*Exercise description*: Restate word for word the opening line of the data below and every line after it until the line with "Ce blazer CHARLIE", that line too, but not the pictures.

(Items from a dataset)
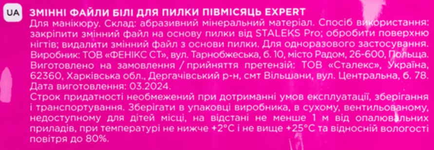 - Белый цвет файла более гигиеничен черного в работе, на пиле не видно полос или борозд после опыления, а также светлые абразивные частицы не заметны при попадании на искусственный материал при наращивании ногтей.
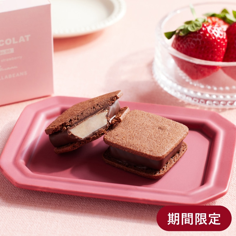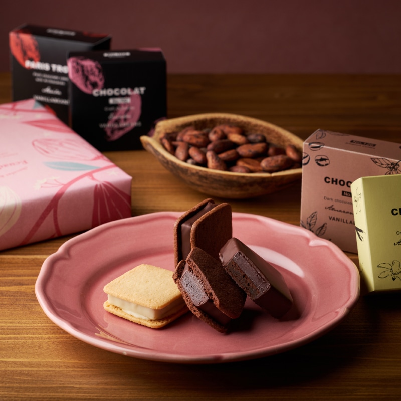 サクッ、パリッ、とろ~り。とろける生チョコレートをこだわりのクーベルチュールでコーティングし、サクサクのバタークッキーでサンドした、バニラビーンズオリジナルの生チョコクッキーサンド「ショーコラ」。一度口にしたら虜になる当店のロングセラー商品です。豊かなバターの風味とフェアトレードチョコレートを使用した"生チョコレート"の濃厚な甘さが口いっぱいに広がる味わいは、特別な日のお楽しみや、大切な人への贈り物としてもおすすめです。
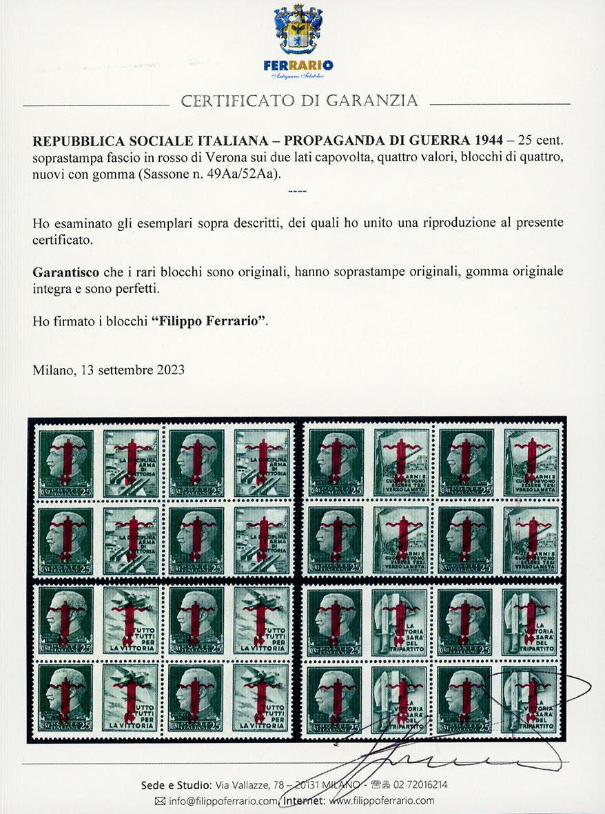 1944 - 25 cent. soprastampa fascio in rosso di Verona sui due lati capovolta, quattro valori (49Aa/52Aa), blocchi di quattro, gomma originale integra, perfetti. Molto rari e di ottima qualità. Raybaudi, cert. Ferrario.
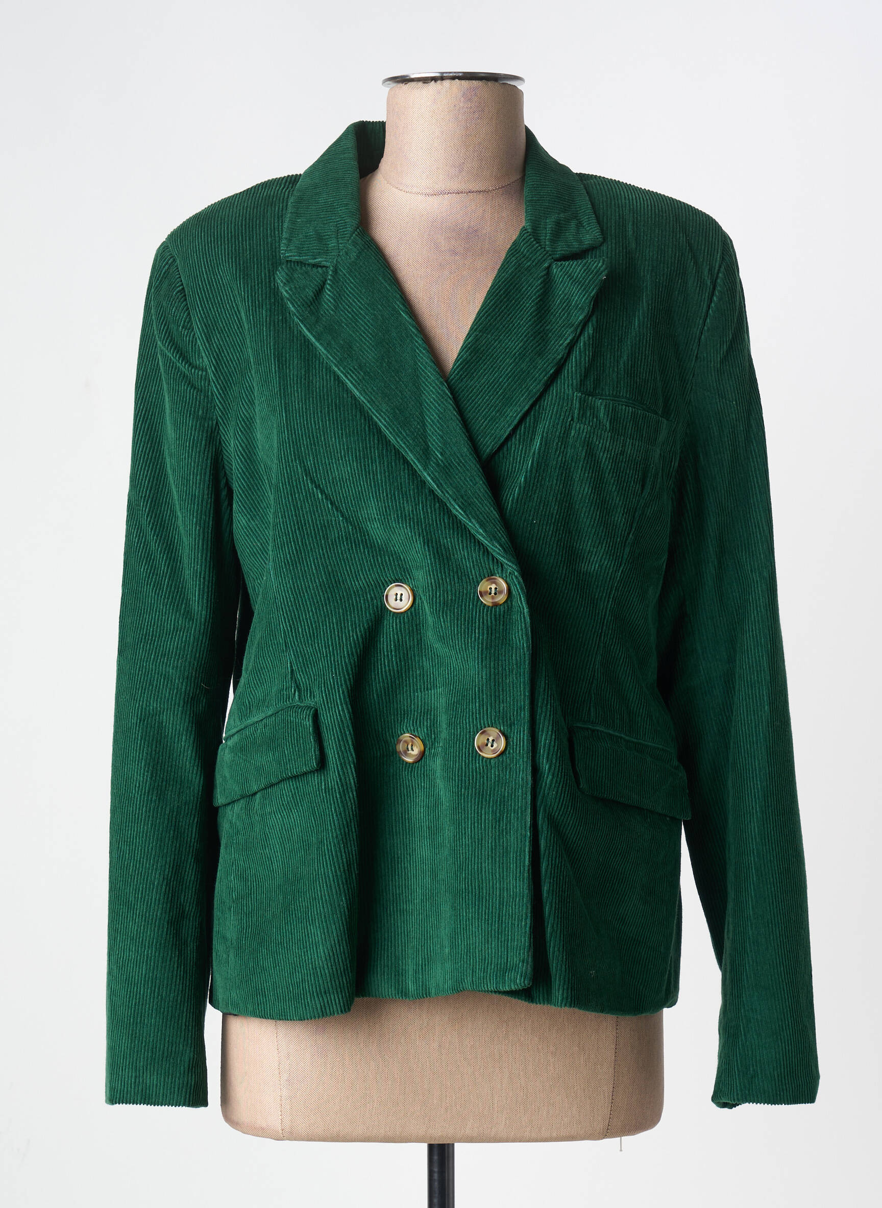 Ce blazer CHARLIE JOE pour femme est la pièce idéale pour rehausser votre look à petit prix grâce à ses détails chics et sa coupe intemporelle. Confectionné dans un velours côtelé vert profond, il offre un effet texturé élégant, tandis que sa fermeture croisée à boutons dorés ajoute une touche sophistiquée et tendance. Profitez d’un véritable bon plan pour adopter une allure moderne et raffinée sans vous ruiner, tout en misant sur un style unique et résolument mode.
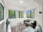 Spacious and bright 2-bedroom, 1-bathroom remodeled apartment, filled with natural light, in a boutique building just blocks from Miracle Mile and the best cafes, restaurants and shops of Coral Gables. This bright second floor residence offers lush greenery views from every window. Features include ceramic tile floors, stainless steel appliances, sound-proof windows and a sleek new bathroom with glass and stone finishes. In-unit washer/dryer, separate water and electric meters, and 1 private assigned parking space. Pet friendly. Two blocks from the award-winning Bachour bakery and cafe, and a block from target. Enjoy safety and tranquility, minutes from the Gables most exciting lifestyle and a quick drive to Brickell University of Miami and the airport.
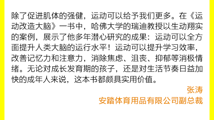 風靡Q球的暢銷讀物。網站書榜、引爆《紐約時報》暢銷榜單,重印C過16次、被譯為10種語言風靡Q球的革命性讀物,19000名中學生驗證的運動奇蹟,Q球12個國家和地區正在流行,令120000人受益的生活新方式
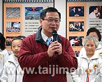 2月12日雖然春雨綿綿,低溫寒冷,卻澆不息桃園縣大家長以及縣民的熱情,晚間不到8點桃園縣長吳志揚、民政局副局長徐喜廷以及社會局社會發展科科長,共同蒞臨太極門中壢道館,響應推動良心時代活動。吳志揚縣長一踏入太極門中壢道館,由小師兄師姊送上「福氣到」的掛飾,接受滿滿的福氣,喝功夫茶,感受古老門派的待客之道,青少年以及銀髮族的師兄姊帶來歡樂送五寶的歌舞,呈現的是神氣大家族的歡樂與薪火相傳,生生不息,縣長與大家一同感受濃濃的年味,共同推動「良心時代」運動,在元宵節前,別具意義。
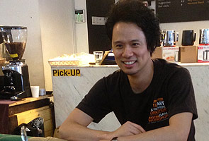 “Saya gembira jika pelanggan tersenyum melihat corak buih latte hasil saya,” kata barista yang berusia 33 tahun yang kini bekerja di Tokyo.
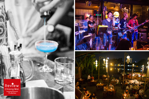 ร้านนั่งดื่มที่โด่งดังในเรื่องดนตรีสดเล่นมันส์ติดอันดับต้นๆของเชียงใหม่ต้องยกให้ริเวอร์ไซด์ เปิดให้บริการ 2 ฝั่งคือ ฝั่งบ้านและฝั่งริมน้ำ โดยฝั่งบ้านเหมาะสำหรับไปนั่งทานข้าวกับครอบครัวหรือคนรัก แต่ฝั่งน้ำเหมาะสำหรับไปนั่งชิลสังสรรค์กับแก๊งค์เพื่อนฝูง อาหารมีทั้งสไตล์ไทยและยุโรป เมนูเด็ดไม่ควรพลาดคือ เมี่ยงปลาทับทิม
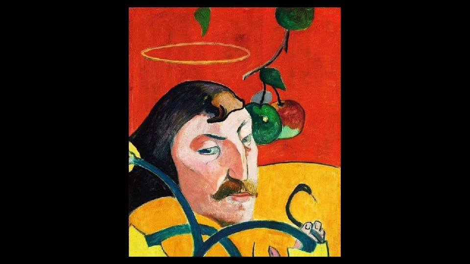trois symboles chrétiens: le nimbe et le serpent et la pomme, références au jardin d'Eden, à la tentation, péché et à la chute de l'homme … Gauguin se peignant à la fois saint et pécheur Paul Gauguin Autoportrait au nimbe Self-Portrait with Halo 1889 National Gallery of Art, Washington
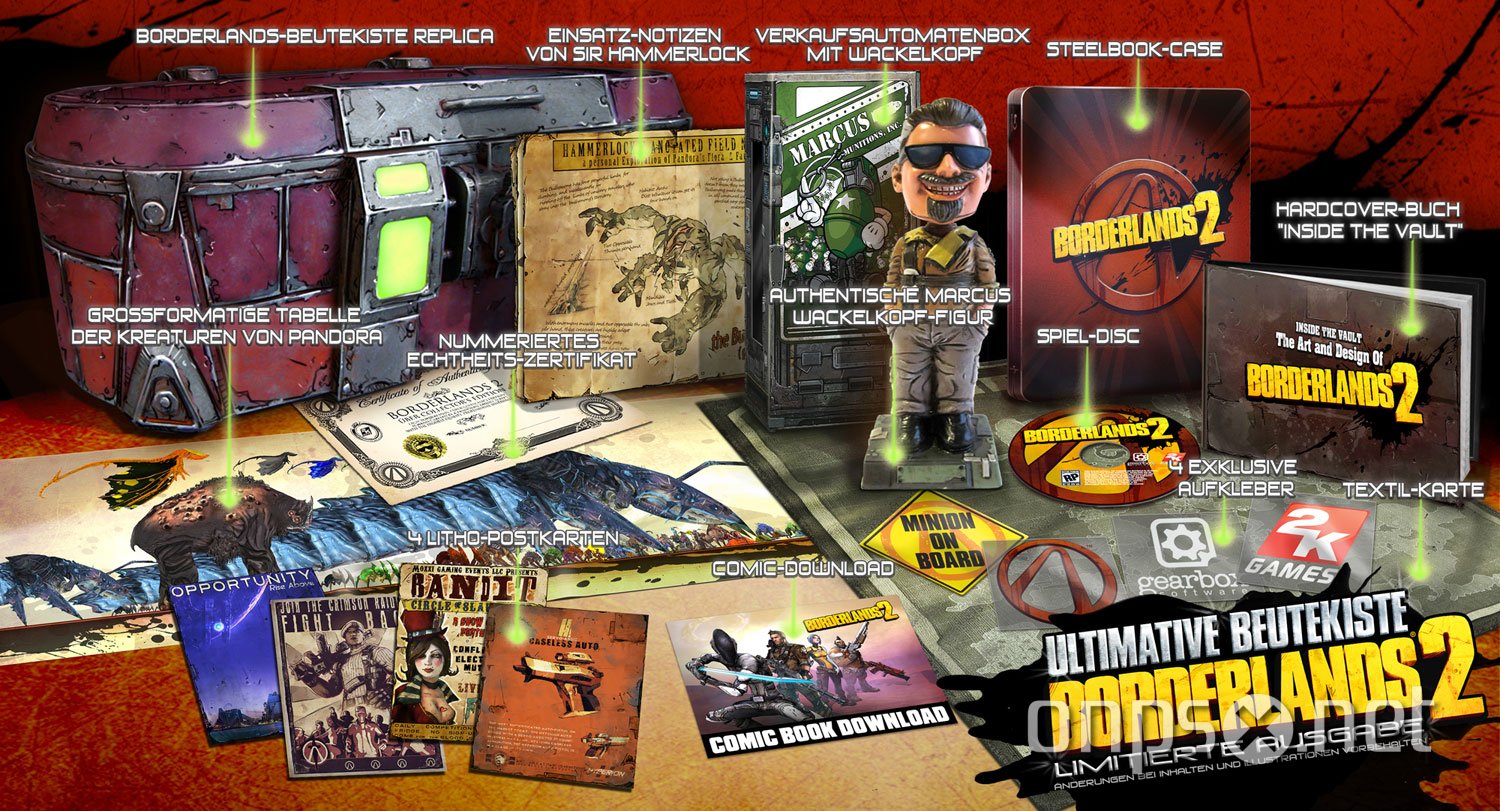 Die Deluxe Kammerjäger (Sammlerausgabe) enthält eine Version von Borderlands 2, einen authentischen Marcus Kincaid-Wackelkopf, eine Hardcover-Ausgabe von Inside the Vault: The Art & Design of Borderlands 2, einen Satz Sammelsticker, eine Karte von Pandora, einen Download-Code für einen digitalen Comic und digitale Bonus-Spielinhalte zum Herunterladen. Die Ultimative Beutekiste (Limitierte Ausgabe) enthält alle oben genannten Gegenstände und dazu noch eine maßstabsgetreue Replik der roten Truhen, die man in Borderlands 2 in ganz Pandora finden kann, eine Steelbook-Hülle, eine Übersicht über alle Kreaturen in Pandora im Großformat, einen Satz lithographischer Postkarten, Feldnotizen von Sir Hammerlock, eine Stoffkarte von Pandora und ein nummeriertes Echtheitszertifikat. Beide Spezialeditionen erscheinen für das Xbox 360 Videospiel- und Entertainment-System von Microsoft, das PlayStation 3 Computer-Entertainment-System und Windows-PC. Die Preise liegen je Plattform zwischen 70 Euro und 90 Euro für die Deluxe Kammerjäger Sammlerausgabe sowie 110 Euro und 130 Euro für die limitierte Ultimative Beutekiste.
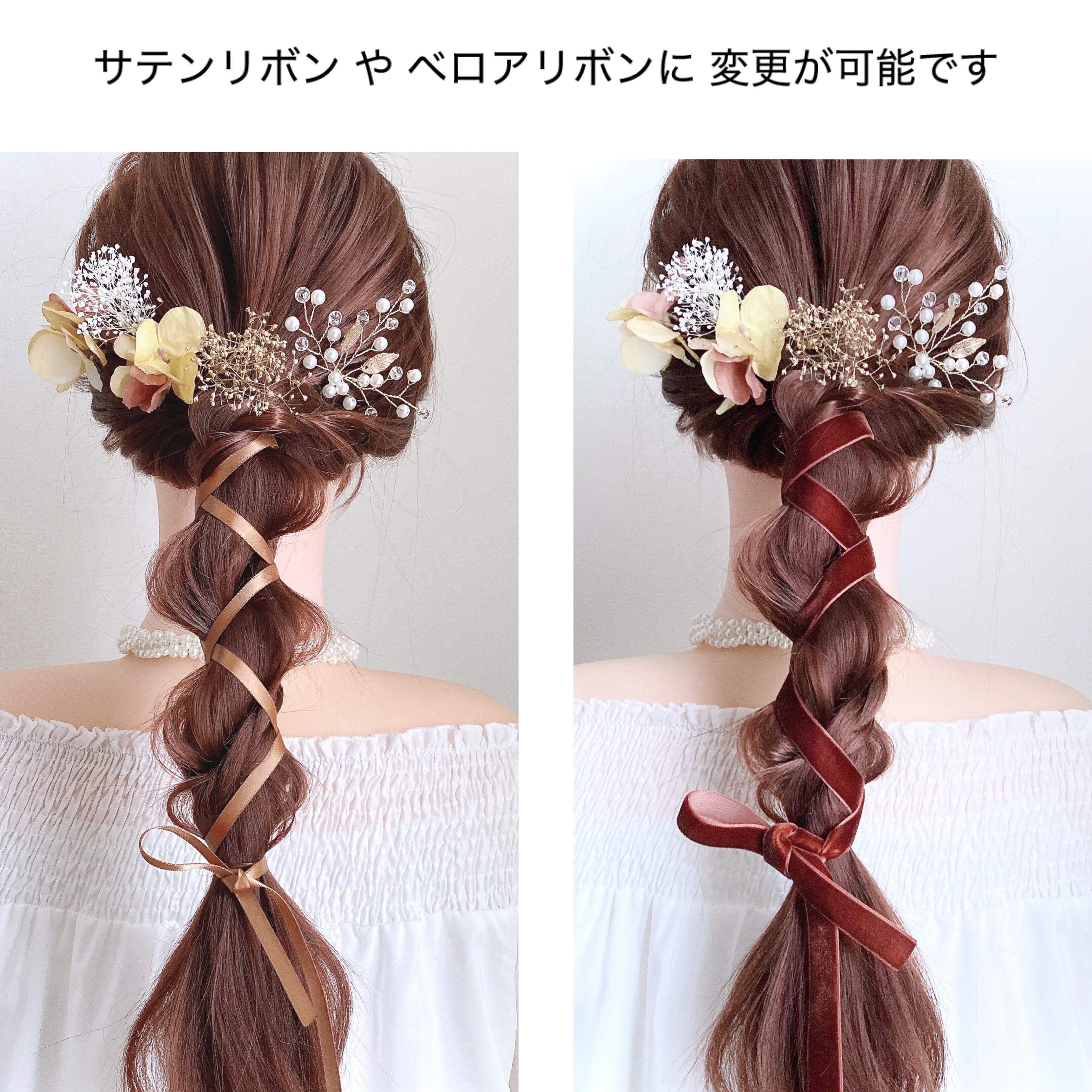 フラワー シアーリボン ヘッドドレス 花 ブライダル 結婚式 成人式 卒業式 花 オーガンジーリボン ベージュ ゴールド
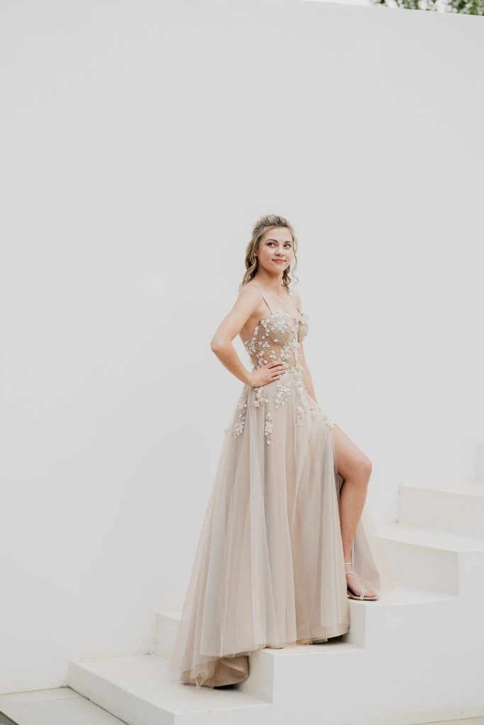 Ek wou hê my rok moes vertel van wie ek is ’n meisie met ’n sagte hart n liefde vir die natuur en diere. Die inspirasie was daardie rustige skoonheid wat jy in die veld kry — eenvoudig, maar tog asemrowend. Ek het iets gesoek wat my natuurlike styl kombineer met ’n tikkie sprokie, want elke meisie verdien haar prinsesoomblik.
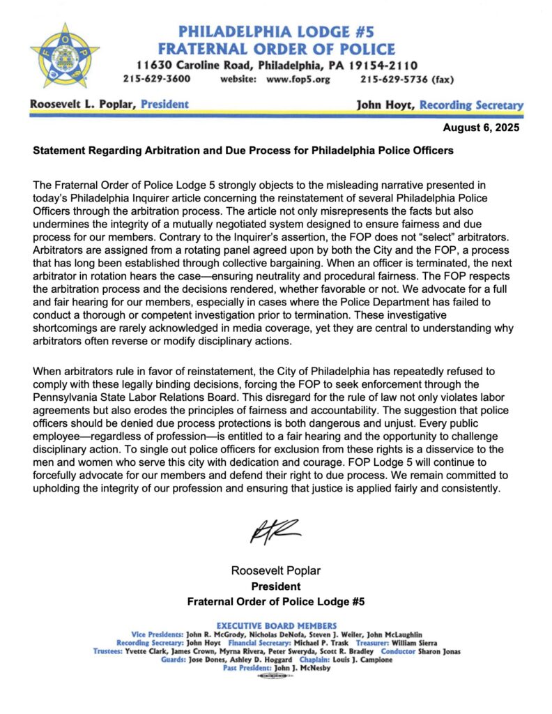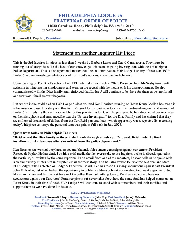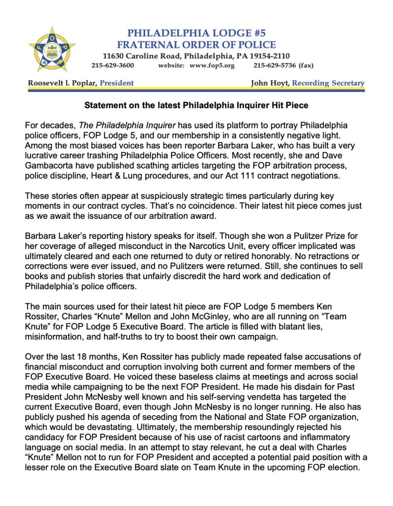 Statement on the latest Philadelphia Inquirer Hit Piece
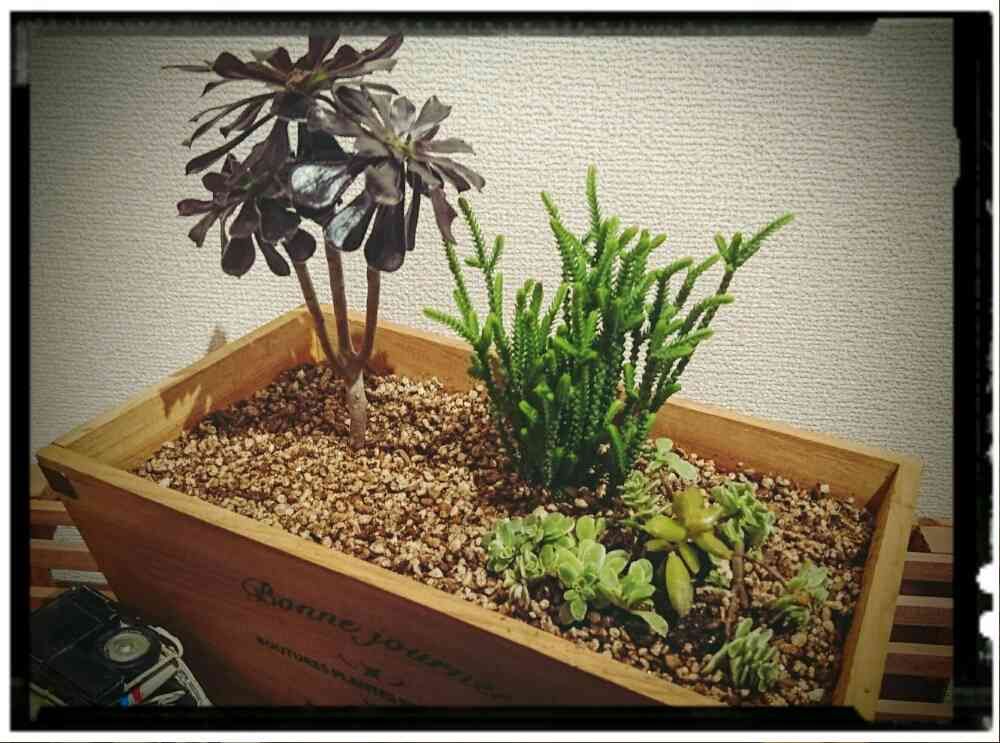多肉ちゃん木製の鉢に植え付け完了!ちょっぴりジオラマ風味(*´ω`*)
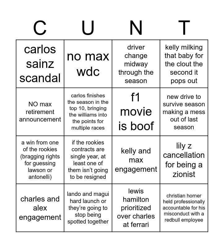 This bingo card has 16 words: charles and alex engagement, lando and magui hard launch or they’re going to stop being spotted together, driver change midway through the season, kelly milking that baby for the clout the second it pops out, NO max retirement announcement, no max wdc, kelly and max engagement, lily z cancellation for being a zionist, carlos sainz scandal, carlos finishes the season in the top 10, bringing the williams into the points for multiple races, lewis hamilton prioritized over charles at ferrari, new drive to survive season making a mess out of last season, a win from one of the rookies (bragging rights for guessing lawson or antonelli), if the rookies contracts are single year, at least one of them isn’t going to be resigned, f1 movie is boof and christian horner held professionally accountable for his misconduct with a redbull employee.
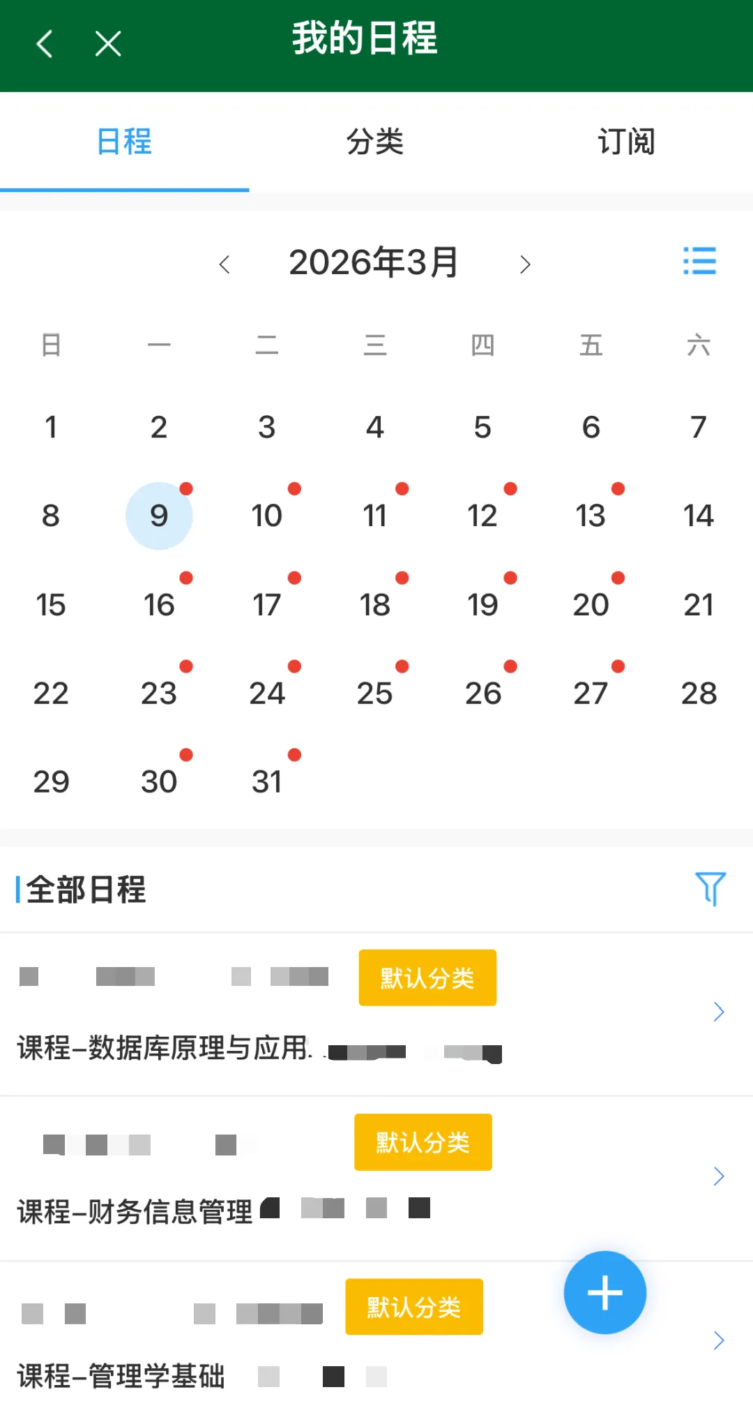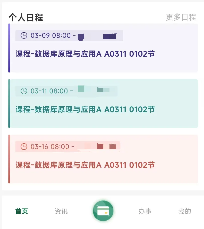 2、也可以从首页「我的日程」进入,既能查看课程日程,也能设置消息提醒。
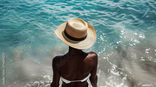 Parte traseira jovem pele bronzeada em chapéu de sol e biquíni em pé com os braços levantados para a cabeça curtindo mar com água

*Reply to the task*:
 - Белый цвет файла более гигиеничен черного в работе, на пиле не видно полос или борозд после опыления, а также светлые абразивные частицы не заметны при попадании на искусственный материал при наращивании ногтей.
 サクッ、パリッ、とろ~り。とろける生チョコレートをこだわりのクーベルチュールでコーティングし、サクサクのバタークッキーでサンドした、バニラビーンズオリジナルの生チョコクッキーサンド「ショーコラ」。一度口にしたら虜になる当店のロングセラー商品です。豊かなバターの風味とフェアトレードチョコレートを使用した"生チョコレート"の濃厚な甘さが口いっぱいに広がる味わいは、特別な日のお楽しみや、大切な人への贈り物としてもおすすめです。
 1944 - 25 cent. soprastampa fascio in rosso di Verona sui due lati capovolta, quattro valori (49Aa/52Aa), blocchi di quattro, gomma originale integra, perfetti. Molto rari e di ottima qualità. Raybaudi, cert. Ferrario.
 Ce blazer CHARLIE JOE pour femme est la pièce idéale pour rehausser votre look à petit prix grâce à ses détails chics et sa coupe intemporelle. Confectionné dans un velours côtelé vert profond, il offre un effet texturé élégant, tandis que sa fermeture croisée à boutons dorés ajoute une touche sophistiquée et tendance. Profitez d’un véritable bon plan pour adopter une allure moderne et raffinée sans vous ruiner, tout en misant sur un style unique et résolument mode.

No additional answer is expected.